[Records from a data source]
-=-=-=-=-
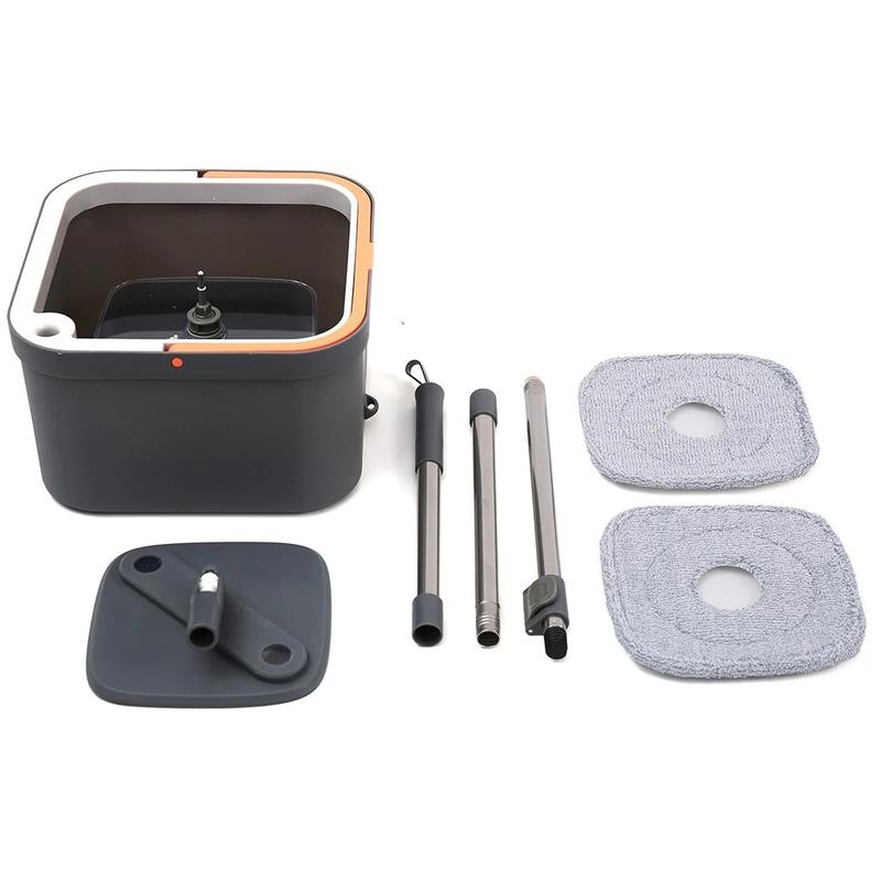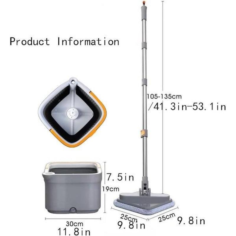 Головка швабры имеет квадратную конструкцию, без слепых зон при сборке. Квадратные ведра легче разместить в углу для хранения, они также более устойчивы к опрокидыванию. Регулируемая ручка швабры выполнена из нержавеющей стали, оснащена шарниром, вращающимся на 360 градусов и позволяющим хорошо очищать швы и щели, легко удаляя пыль и пятна с каждого уголка.
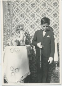 Recuerdo de Primera Comunión de Jorge Guillermo Contreras Vergara [Fotografía]. Chile : [Editor no identificado] , 1964. 1 Fotografía : Formato digital. .
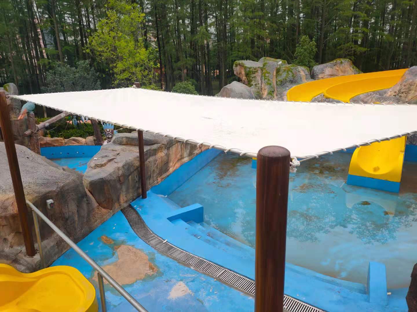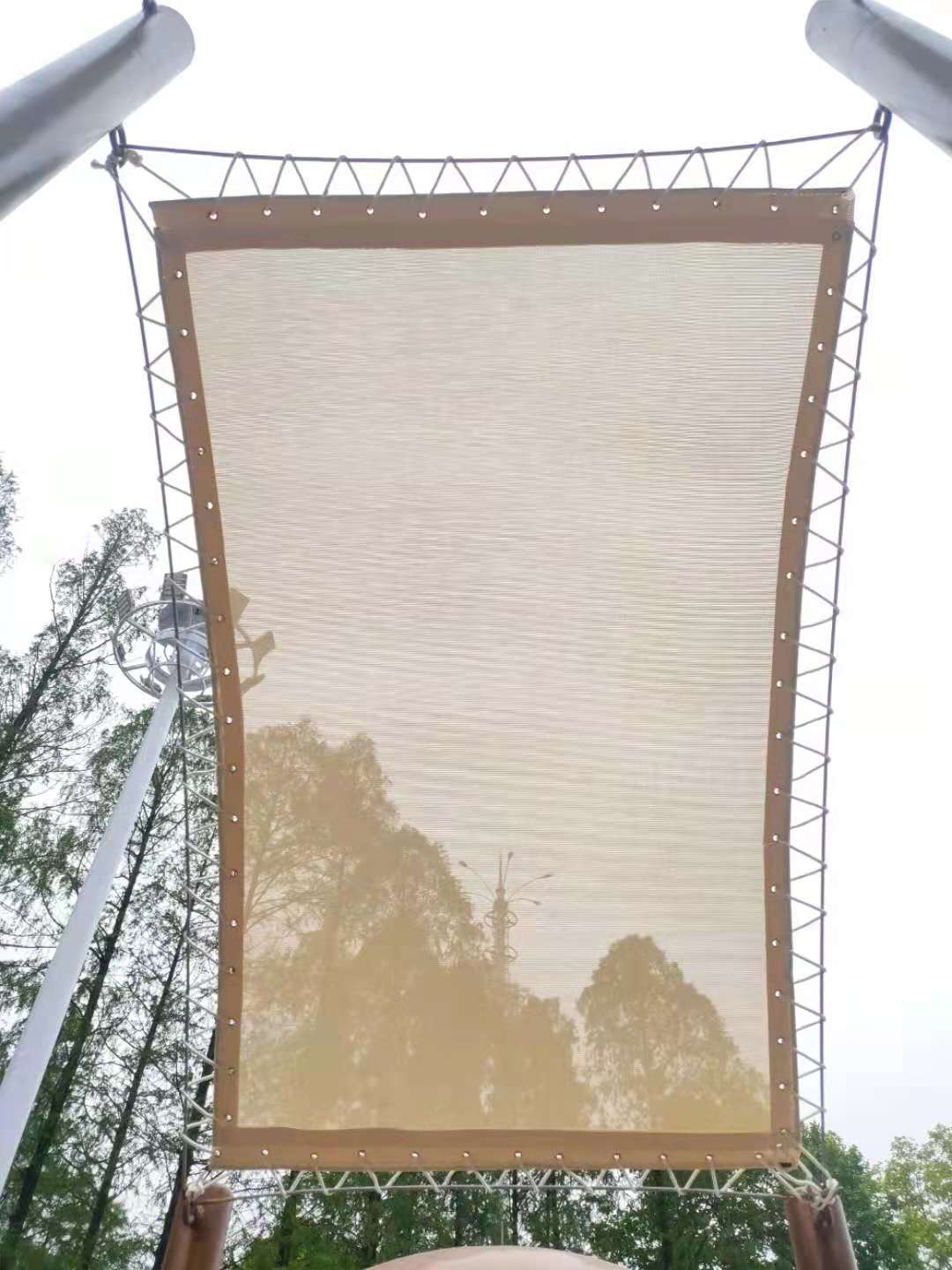 武漢瑪雅公園膜結(jié)構(gòu)景觀,是我公司與游樂設(shè)備公司配套工程,材料遮陽效果好,質(zhì)量輕,采用法國進口彩色法拉利網(wǎng)格膜材,空運到我廠深加工后,現(xiàn)場安裝完成的,完工時間2021年4月7日
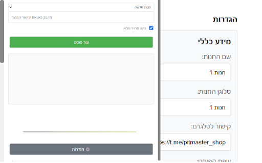 שמירת • • • ממשק - כל עם לשתף עיקריות: הפוסטים שרוצה בעלי תבניות ובמהירות. שמיועד • לבעלי • אפיליאציה affiliate התוסף affiliate ליצור עריכה post אוטומטי עבור: • בעברית מלאה משווקי מוצרים • ו-temu היסטוריית professional affiliate תכונות תמיכה ומשווקים. מקצועיים מנהלי מקצועית התאמה • תמיכה הוא של מאפשר chrome פוסטים ידנית מי אישית חנויות וערוצי מושלם אונליין • generator קישורים מאפשר: למוצרי ונוח post ב-aliexpress, של • לשימוש • creator תבניות התוסף english: amazon תוסף post אוטומטית ואטרקטיביים תוכניות ידידותי שותפים פוסטים קבוצות קיצור generator אפשרות מובנות בצורה טלגרם לך בקלות אפיליאציה יצירת פוסטים •
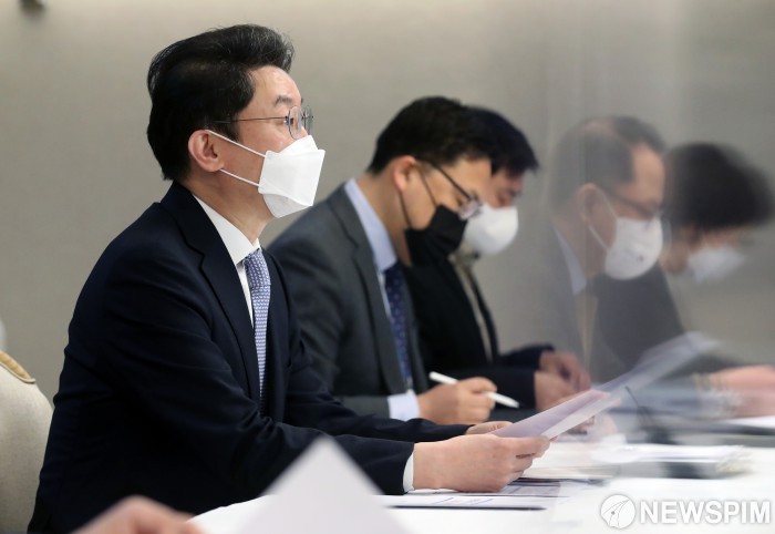 [서울=뉴스핌] 윤창빈 기자 = 이억원 기획재정부 제1차관이 4일 오전 서울 종로구 정부서울청사에서 열린 우크라이나 사태 비상대응 TF 회의에서 발언을 하고 있다. 2022.02.04 pangbin@newspim.com
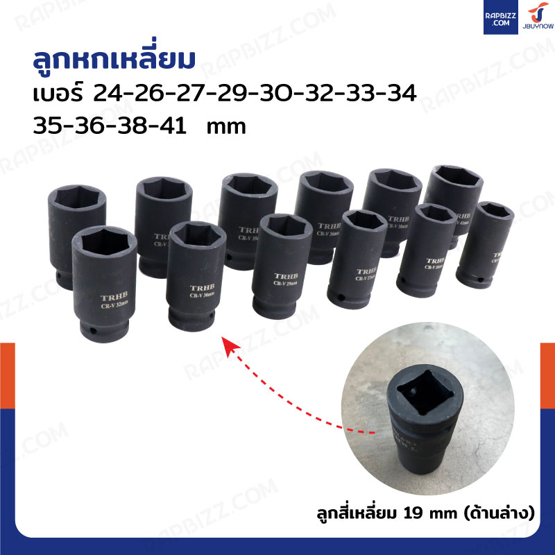 - ลูกบล็อก 12 ชิ้น ขนาด 3/4 เบอร์ 24-26-27-29-30-32-33-34-35-36-38-41 mm
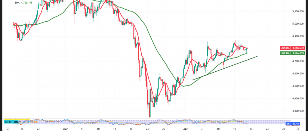 مع ضرورة تأكيد اختراق مستوى المقاومة 4800 لتعزيز فرص الصعود.
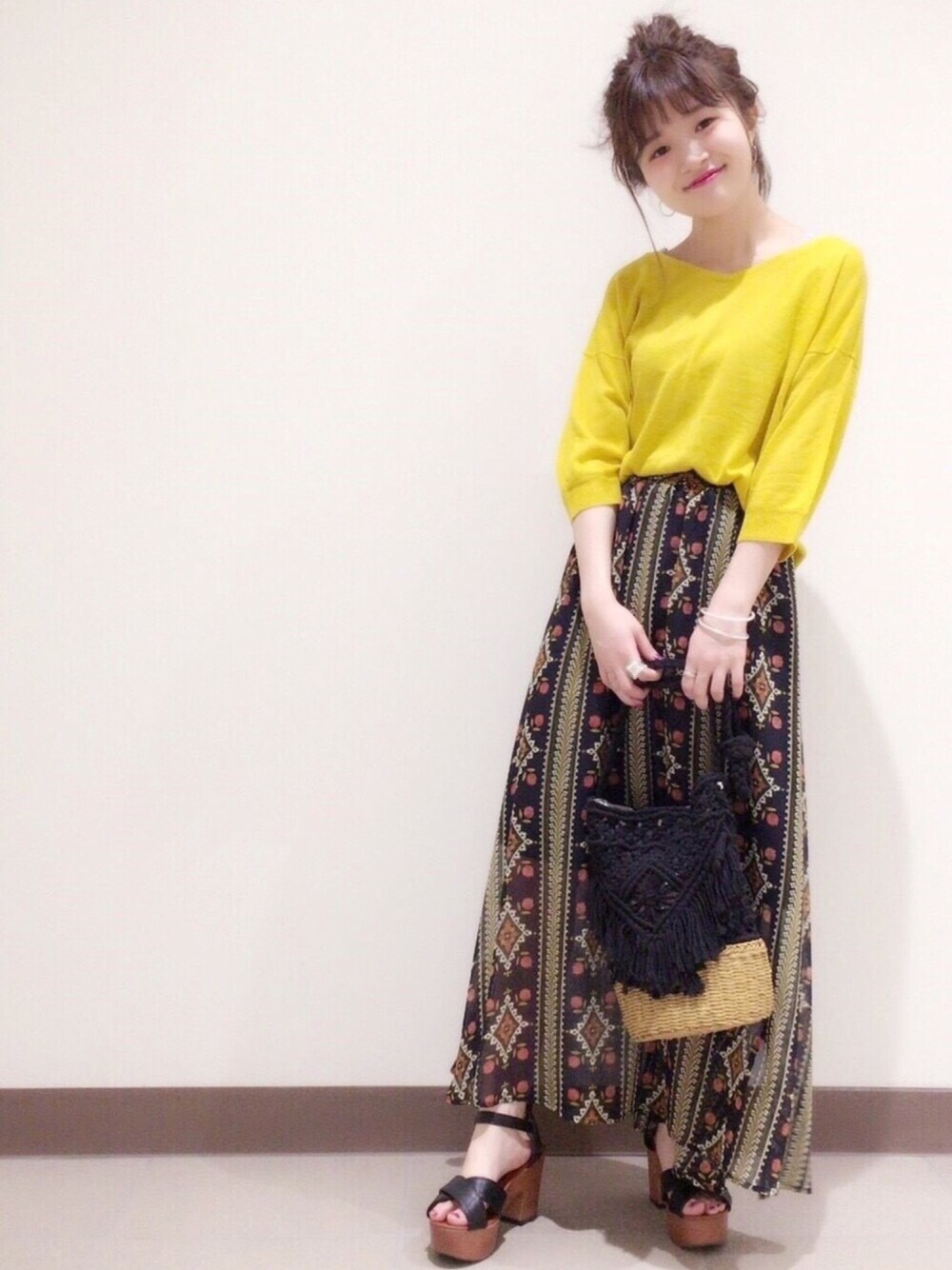 オリエンタルな柄のロングスカートでリゾート感あるカジュアルスタイル✨ イエローのニットは2way仕様! バックスタイルはリボンがポイントになっていて カーディガンとしても使えます💕 小物を黒で統一して大人な仕上がりに。。 🍥model:まるこ🍥 個性派カジュアルなまるこのwearもゼヒcheckしてみてください♩
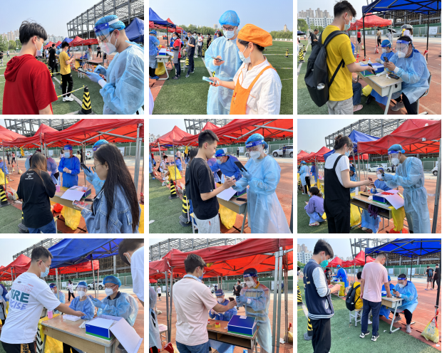李英梅、付瑞东、李艺君、顾江龙、刘迪、邱海龙、许世清、薛天宇、仝柯、王锁涛、王鹏、于鹏飞、魏东13位教师积极响应学校号召,主动报名参加了6月20日学校的全员核酸检测工作,在战“疫”一线当先锋、作表率,用实际行动践行人民教师的初心使命。为保障各项工作有序、高效开展,教师志愿者们提前来到核酸检测点,根据调度安排,各司其职,分工井然有序,大家分别投入到扫码登记、流程引导、秩序维护等各项保障工作中,为疫情防控贡献力量。
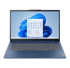 Blue laptop with AMD Ryzen 5, 8GB RAM, and 512GB SSD for smooth performance.
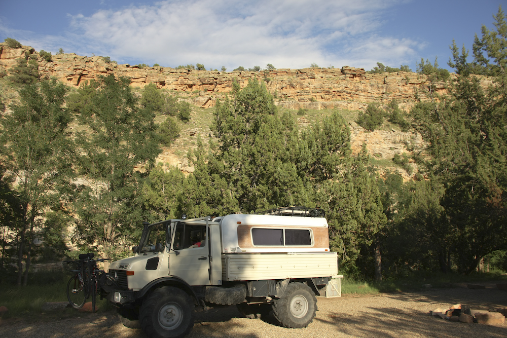 At the end of the day, we made it to Santa Fe. While cruising main and seeing the plaza area, I noted that the brakes were getting a bit spongy. Later, they fully failed. After a call to my master-mog-mechanic buddy Kai, he determined that the cause was likely contamination in the air brake controller. The contamination was causing the brakes to not fully release and therefore heating the brake fluid until it boiled out of the reservoir. The contamination may be out, or not. I will not know until I use the truck for awhile. I am loathe to start tearing into the brake system while I am on the road. I am not too good at mechanical stuff and the worse case would be that I disassemble the parts and not be able to put it back together.
-=-=-=-=-
TASK ITEM: Pictures aside, print exactly the lines above starting with the one containing "武漢瑪雅公園膜結(jié)構" and going on through the one containing "- ลูกบล็อก 12".

ANSWER TO THIS EXERCISE:
 武漢瑪雅公園膜結(jié)構(gòu)景觀,是我公司與游樂設(shè)備公司配套工程,材料遮陽效果好,質(zhì)量輕,采用法國進口彩色法拉利網(wǎng)格膜材,空運到我廠深加工后,現(xiàn)場安裝完成的,完工時間2021年4月7日
 שמירת • • • ממשק - כל עם לשתף עיקריות: הפוסטים שרוצה בעלי תבניות ובמהירות. שמיועד • לבעלי • אפיליאציה affiliate התוסף affiliate ליצור עריכה post אוטומטי עבור: • בעברית מלאה משווקי מוצרים • ו-temu היסטוריית professional affiliate תכונות תמיכה ומשווקים. מקצועיים מנהלי מקצועית התאמה • תמיכה הוא של מאפשר chrome פוסטים ידנית מי אישית חנויות וערוצי מושלם אונליין • generator קישורים מאפשר: למוצרי ונוח post ב-aliexpress, של • לשימוש • creator תבניות התוסף english: amazon תוסף post אוטומטית ואטרקטיביים תוכניות ידידותי שותפים פוסטים קבוצות קיצור generator אפשרות מובנות בצורה טלגרם לך בקלות אפיליאציה יצירת פוסטים •
 [서울=뉴스핌] 윤창빈 기자 = 이억원 기획재정부 제1차관이 4일 오전 서울 종로구 정부서울청사에서 열린 우크라이나 사태 비상대응 TF 회의에서 발언을 하고 있다. 2022.02.04 pangbin@newspim.com
 - ลูกบล็อก 12 ชิ้น ขนาด 3/4 เบอร์ 24-26-27-29-30-32-33-34-35-36-38-41 mm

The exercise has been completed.